UnivLyon, Université Claude Bernard Lyon 1, ENS de Lyon, CNRS UMR, INSERM U1210, LBMC, F-69007, Lyon, France.
UnivLyon, Université Claude Bernard Lyon 1, CNRS, UMR, LBBE, F-69100, Villeurbanne, France.
Bioinformatics. 2019 Jul 1;35(13):2199-2207. doi: 10.1093/bioinformatics/bty903.
RNA sequencing (RNA-Seq) is a widely used approach to obtain transcript sequences in non-model organisms, notably for performing comparative analyses. However, current bioinformatic pipelines do not take full advantage of pre-existing reference data in related species for improving RNA-Seq assembly, annotation and gene family reconstruction.

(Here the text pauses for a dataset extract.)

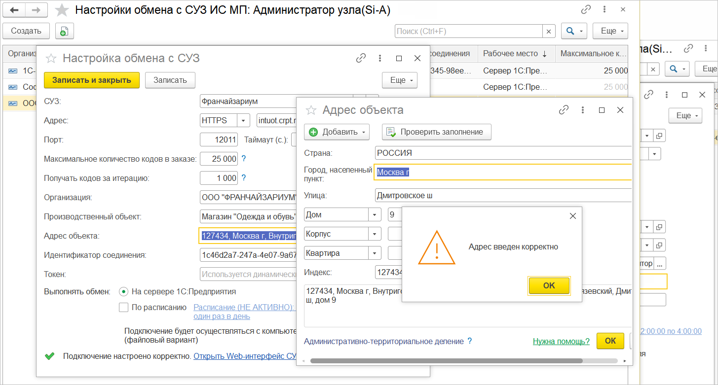 Также для динамического токена используется Адрес объекта. Здесь нужно указать территориальное местоположение объекта. Данная информация необходима для дальнейшего автоматического обновления идентификатора соединения.

We built an automated pipeline named CAARS to combine novel data from RNA-Seq experiments with existing multi-species gene family alignments. RNA-Seq reads are assembled into transcripts by both de novo and assisted assemblies. Then, CAARS incorporates transcripts into gene families, builds gene alignments and trees and uses phylogenetic information to classify the genes as orthologs and paralogs of existing genes. We used CAARS to assemble and annotate RNA-Seq data in rodents and fishes using distantly related genomes as reference, a difficult case for this kind of analysis. We showed CAARS assemblies are more complete and accurate than those assembled by a standard pipeline consisting of de novo assembly coupled with annotation by sequence similarity on a guide species. In addition to annotated transcripts, CAARS provides gene family alignments and trees, annotated with orthology relationships, directly usable for downstream comparative analyses.
CAARS is implemented in Python and Ocaml and is freely available at https://github.com/carinerey/caars.
Supplementary data are available at Bioinformatics online.
RNA 测序(RNA-Seq)是一种广泛用于获得非模式生物转录本序列的方法,特别是用于进行比较分析。然而,当前的生物信息学流程并没有充分利用相关物种中现有的参考数据来改进 RNA-Seq 组装、注释和基因家族重建。
我们构建了一个名为 CAARS 的自动化管道,该管道将来自 RNA-Seq 实验的新数据与多物种基因家族比对结合起来。RNA-Seq 读取通过从头组装和辅助组装来组装成转录本。然后,CAARS 将转录本合并到基因家族中,构建基因比对和树,并利用系统发育信息将基因分类为现有基因的直系同源物和旁系同源物。我们使用 CAARS 以远缘基因组作为参考来组装和注释啮齿动物和鱼类的 RNA-Seq 数据,这是此类分析的一个难题。我们表明,CAARS 组装的完整性和准确性均优于由从头组装与指导物种序列相似性注释相结合的标准管道组装的结果。除了注释的转录本外,CAARS 还提供了基因家族比对和树,以及注释的直系同源关系,可直接用于下游的比较分析。
CAARS 是用 Python 和 Ocaml 编写的,并可在 https://github.com/carinerey/caars 上免费获取。
补充数据可在 Bioinformatics 在线获取。